India gives the impression that the US considers the state’s so-called accession legal. This is not true. On Oct 28, 1993, Under Secretary of State Robin Raphel in her statement clarified that Washington did not recognise the instrument of accession to India. In the UN’s perception, Kashmir was a disputed territory, not an integral part of India.

The future status of the state remains to be determined in accordance with the wishes of the people of Kashmir.

Mohammad Asad

Rawalpindi

(2)

THROUGH a host of draconian measures, India has gagged digital and voice protests in disputed Kashmir. It has barred local and foreign journalists from visiting India-occupied Kashmir.

Indian forces fire pellets, called birdshots, with pump-action shotguns against unarmed protesters or stone throwers, even women, and children five to eight years’ old.

A New York Times report titled “An epidemic of ‘dead eyes’ in Kashmir as India uses pellet guns on protesters” (Aug 28, 2016) portrays a gruesome picture.
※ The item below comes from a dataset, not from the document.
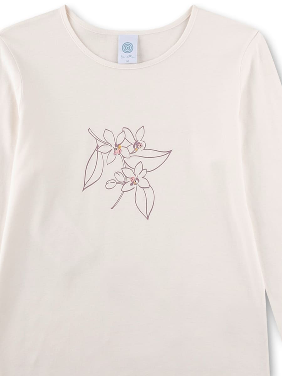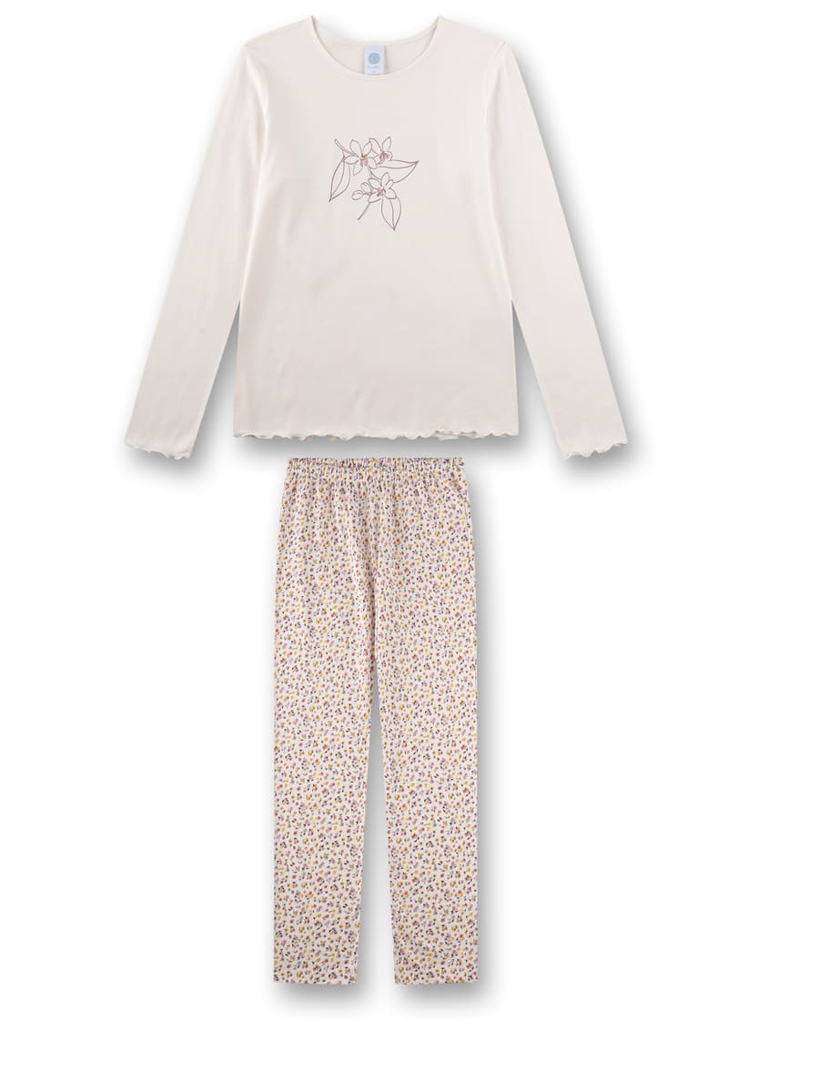 Піжама Small Flowers — ніжний комплект для дівчаток, що поєднує комфорт і витончений квітковий дизайн. Модель виготовлена з м’якого та приємного до тіла трикотажу з бавовни та модалу, який добре пропускає повітря, делікатно торкається шкіри та забезпечує комфорт під час сну. Лонгслів світлого відтінку має класичний круглий виріз, прикрашений витонченим малюнком квітів, хвилясті краї на рукавах і подолі додають образу ніжності. Штани з барвистим квітковим принтом і еластичним поясом забезпечують зручну посадку та свободу рухів.

It says “the patients have mutilated retinas, severed optic nerves, irises seeping out like puddles of ink’. Doctors call them ‘dead eyes’.”

A similar report in Washington Post (Dec 12, 2017) is no less poignant.

Let India realise it can’t stifle Kashmiris’ dissent. To stifle the Kashmiri’s fighting spirit, the Dogra regime (1846-1947) punished even Kashmiri children who played with fork-slings (ghulail) and stones. The struggle for freedom goes on despite Indian forces’ reign of terror which includes abductions, custodial deaths, rape, arson and pellet shelling. The UN Security Council should make clear that it opposes Narendra Modi’s brutal tightening of India’s control on Kashmir. While Modi may think he can control this volatile conflict on his own, he almost certainly cannot.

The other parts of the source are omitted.